--- EXERCISE BRIEF ---
The data below should be copied out exactly, with its pictures omitted.

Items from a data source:
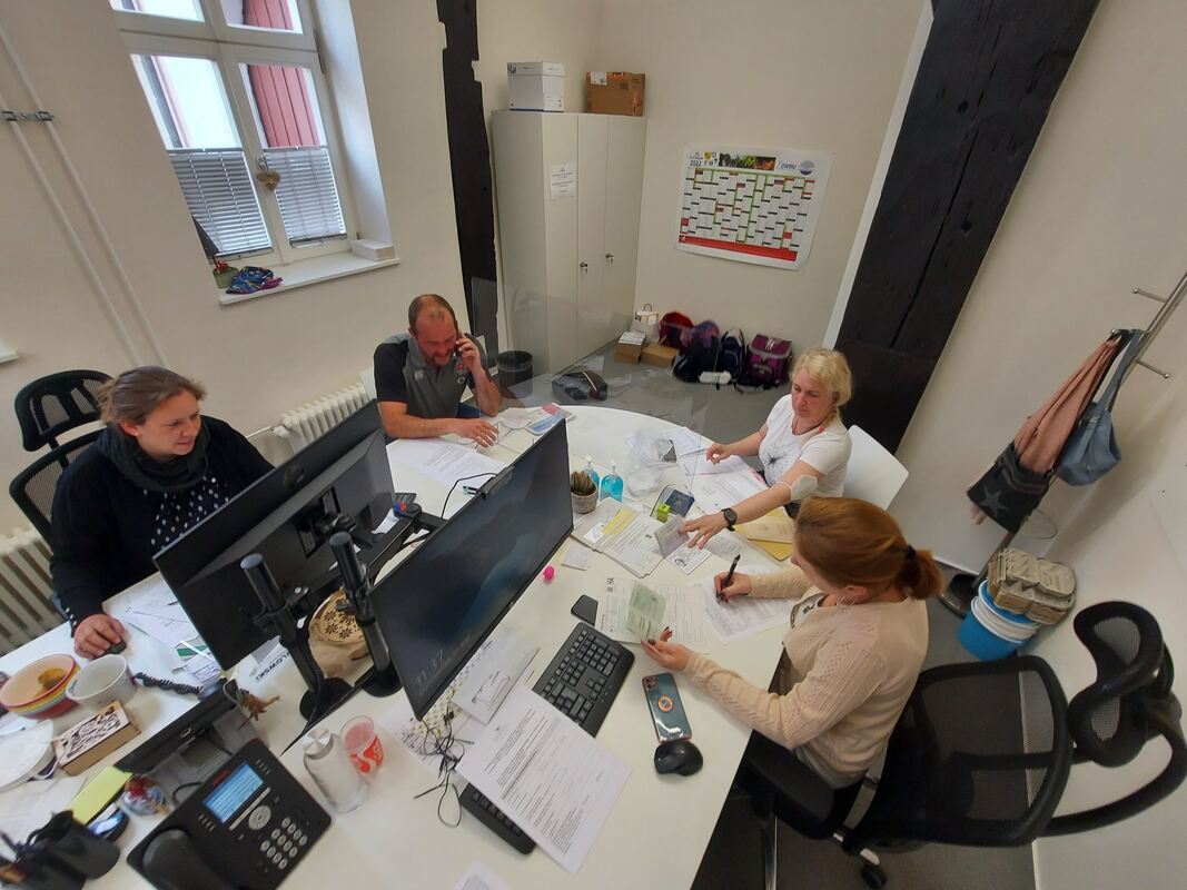 Im Büro von Stefanie von Pawlowski (links) und Ruben Stapelbroek laufen im Uracher Rathaus die Fäden zusammen, wenn's um Geflüchtete aus der Ukraine geht. Victoria Miteva (rechts), die wie Liudmila Luzanova (nicht im Bild) seit Kurzem eine 50-Prozent-Stelle in der Uracher Verwaltung hat, kümmert sich hier gerade um die Papiere einer Ukrainerin. Hinten im Raum stehen ein paar Schulranzen – Spenden. »Hier landet ganz viel«, sagt Stefanie von Pawlowski, »wir kümmern uns um alles.«
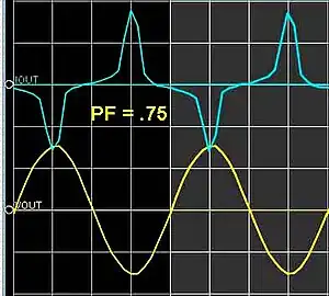 The result of mains rectifiers with connected large value smoothing capacitors is that mains current only flows in the peaks and valleys of the AC wave. Whereas a half cycle of the mains lasts for 10 ms, the mains current flows with large smoothing capacitors for only 3 ms. The result is that high peak currents flow during a short time. The power factor of such rectify and smooth apparatus may be as low as 0.6, and a large number of harmonics (3: 150 Hz), (5: 250 Hz) etc. are generated. This leads to much extra losses in the distribution network, especially in the neutral conductor of a 3 phase distribution network, since the 3rd harmonic of the R, S, and T phase are in phase with each other. The resulting neutral conductor can be larger than the current in each of the phases R, S and T. The sinusoidal wave that the mains voltage should be is distorted and resembled in the days before the harmonic current standard was applicable to electronic apparatus, more a trapezoidal wave: The tops and valleys of the sine wave were flattened.
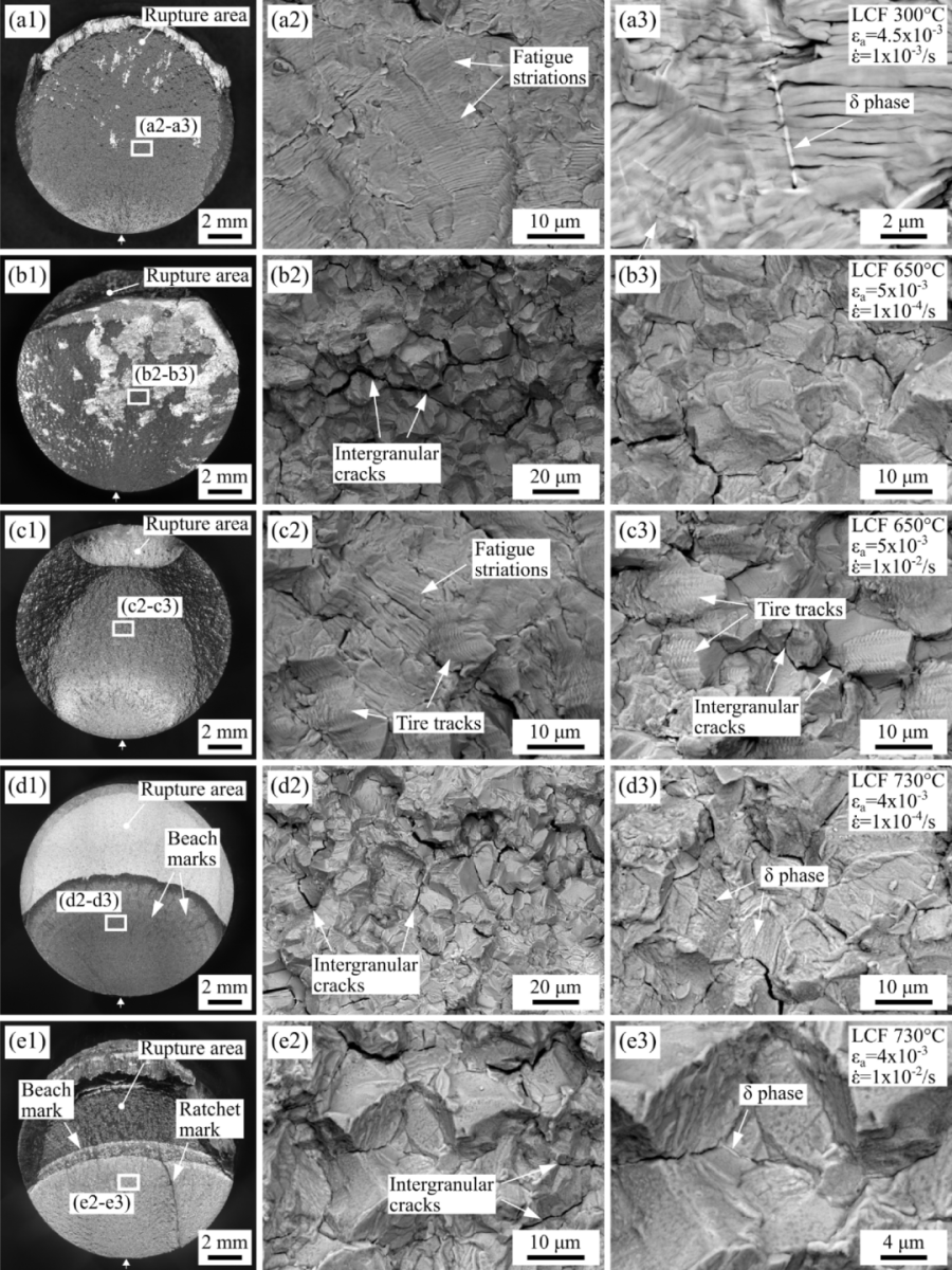 图 2 SEM断口形貌:(a1-a3) 300℃下且εa=4.5×10-3且ε=1×10-3/s;(b1-b3) 650℃下且εa=5×10-3且ε=1×10-4/s;(c1-c3) 650℃下且εa=5×10-3且ε=1×10-2/s;(d1-d3) 730℃下且εa=4×10-3且ε=1×10-4/s;(e1-e3) 730℃下且εa=4×10-3且ε=1×10-2/s
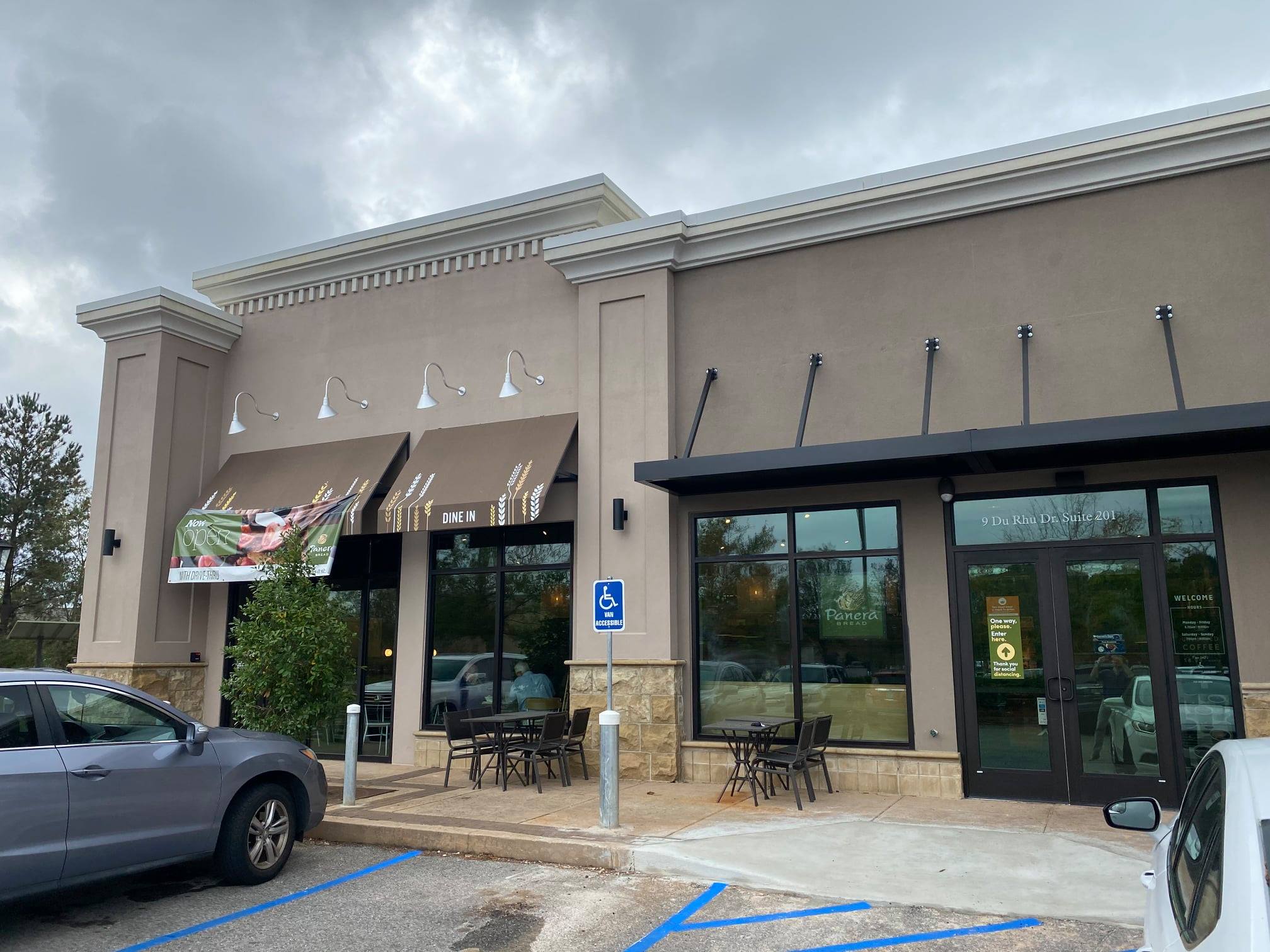 Large spacious parking lot and eat clean. Building
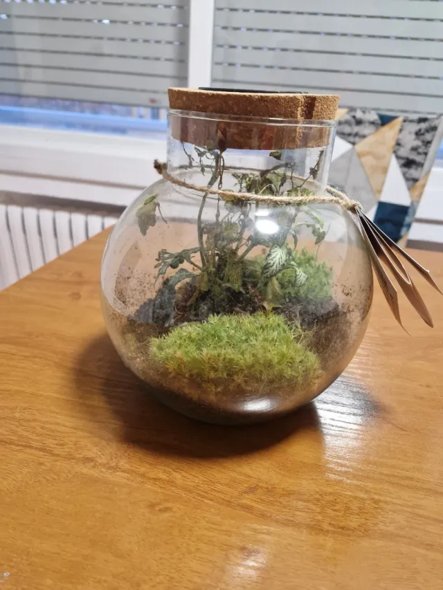 Pequeño ecosistema en un frasco de cristal con plantas y musgo. Puedes empezar de cero creandolo tu mismo o mantener el que ya tiene. - Ideal para decoración. - Cierre con corcho. - Atado con cuerda.
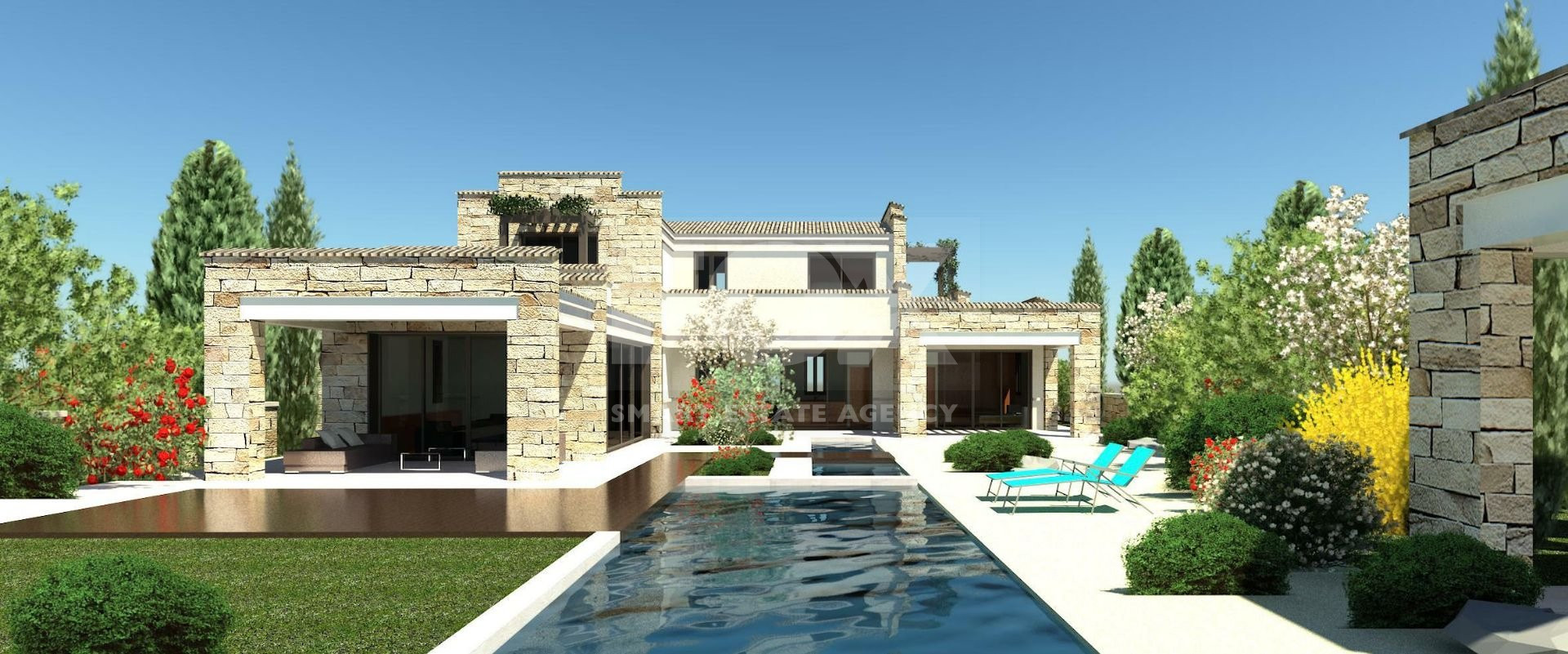 Designed in a contemporary Mediterranean style, the villa blends stone-clad facades, timber details, and clay-tiled roofs with modern open-plan living spaces. It offers a spacious internal covered area of approximately 225 square meters, with additional covered verandas and ancillary spaces that bring the total covered area to around 306 square meters. The property sits on a generous 1,134 square meter plot, featuring beautifully landscaped gardens, a private swimming pool, and ample outdoor entertaining areas.
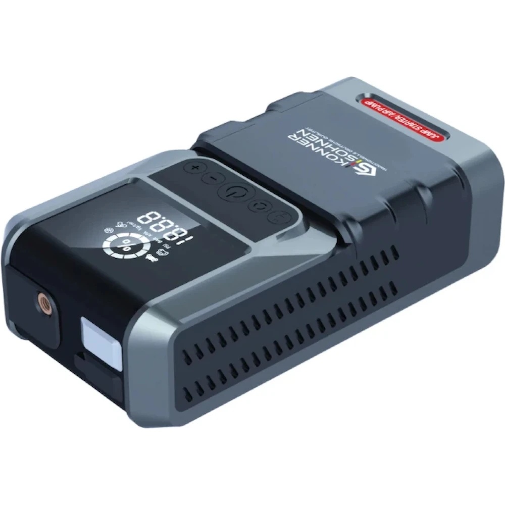 Könner & Söhnen KS JSP-1300 — o soluție eficientă și compactă pentru cei care doresc să aibă la îndemână un instrument de încredere pentru pornirea automobilului și umflarea diferitelor obiecte. Acest dispozitiv, proiectat cu un curent de pornire maxim de 1300 A și un curent nominal de 650 A, oferă o performanță excelentă chiar și în condiții dificile. Compresorul încorporat are o capacitate de 26 l/min, ceea ce îl face ideal pentru umflarea roților de automobil sau bicicletă. La o presiune maximă de 10,3 bar, produsul poate face față cu succes cerințelor utilizatorilor. Avantaje: utilizarea dispozitivului Könner & Söhnen KS JSP-1300 oferă numeroase avantaje. Datorită greutății reduse (1,74 kg) și dimensiunilor compacte de 240 × 152 × 115 mm, este ușor de transportat și de depozitat în portbagajul automobilului.

--- TASK OUTPUT ---
 Im Büro von Stefanie von Pawlowski (links) und Ruben Stapelbroek laufen im Uracher Rathaus die Fäden zusammen, wenn's um Geflüchtete aus der Ukraine geht. Victoria Miteva (rechts), die wie Liudmila Luzanova (nicht im Bild) seit Kurzem eine 50-Prozent-Stelle in der Uracher Verwaltung hat, kümmert sich hier gerade um die Papiere einer Ukrainerin. Hinten im Raum stehen ein paar Schulranzen – Spenden. »Hier landet ganz viel«, sagt Stefanie von Pawlowski, »wir kümmern uns um alles.«
 The result of mains rectifiers with connected large value smoothing capacitors is that mains current only flows in the peaks and valleys of the AC wave. Whereas a half cycle of the mains lasts for 10 ms, the mains current flows with large smoothing capacitors for only 3 ms. The result is that high peak currents flow during a short time. The power factor of such rectify and smooth apparatus may be as low as 0.6, and a large number of harmonics (3: 150 Hz), (5: 250 Hz) etc. are generated. This leads to much extra losses in the distribution network, especially in the neutral conductor of a 3 phase distribution network, since the 3rd harmonic of the R, S, and T phase are in phase with each other. The resulting neutral conductor can be larger than the current in each of the phases R, S and T. The sinusoidal wave that the mains voltage should be is distorted and resembled in the days before the harmonic current standard was applicable to electronic apparatus, more a trapezoidal wave: The tops and valleys of the sine wave were flattened.
 图 2 SEM断口形貌:(a1-a3) 300℃下且εa=4.5×10-3且ε=1×10-3/s;(b1-b3) 650℃下且εa=5×10-3且ε=1×10-4/s;(c1-c3) 650℃下且εa=5×10-3且ε=1×10-2/s;(d1-d3) 730℃下且εa=4×10-3且ε=1×10-4/s;(e1-e3) 730℃下且εa=4×10-3且ε=1×10-2/s
 Large spacious parking lot and eat clean. Building
 Pequeño ecosistema en un frasco de cristal con plantas y musgo. Puedes empezar de cero creandolo tu mismo o mantener el que ya tiene. - Ideal para decoración. - Cierre con corcho. - Atado con cuerda.
 Designed in a contemporary Mediterranean style, the villa blends stone-clad facades, timber details, and clay-tiled roofs with modern open-plan living spaces. It offers a spacious internal covered area of approximately 225 square meters, with additional covered verandas and ancillary spaces that bring the total covered area to around 306 square meters. The property sits on a generous 1,134 square meter plot, featuring beautifully landscaped gardens, a private swimming pool, and ample outdoor entertaining areas.
 Könner & Söhnen KS JSP-1300 — o soluție eficientă și compactă pentru cei care doresc să aibă la îndemână un instrument de încredere pentru pornirea automobilului și umflarea diferitelor obiecte. Acest dispozitiv, proiectat cu un curent de pornire maxim de 1300 A și un curent nominal de 650 A, oferă o performanță excelentă chiar și în condiții dificile. Compresorul încorporat are o capacitate de 26 l/min, ceea ce îl face ideal pentru umflarea roților de automobil sau bicicletă. La o presiune maximă de 10,3 bar, produsul poate face față cu succes cerințelor utilizatorilor. Avantaje: utilizarea dispozitivului Könner & Söhnen KS JSP-1300 oferă numeroase avantaje. Datorită greutății reduse (1,74 kg) și dimensiunilor compacte de 240 × 152 × 115 mm, este ușor de transportat și de depozitat în portbagajul automobilului.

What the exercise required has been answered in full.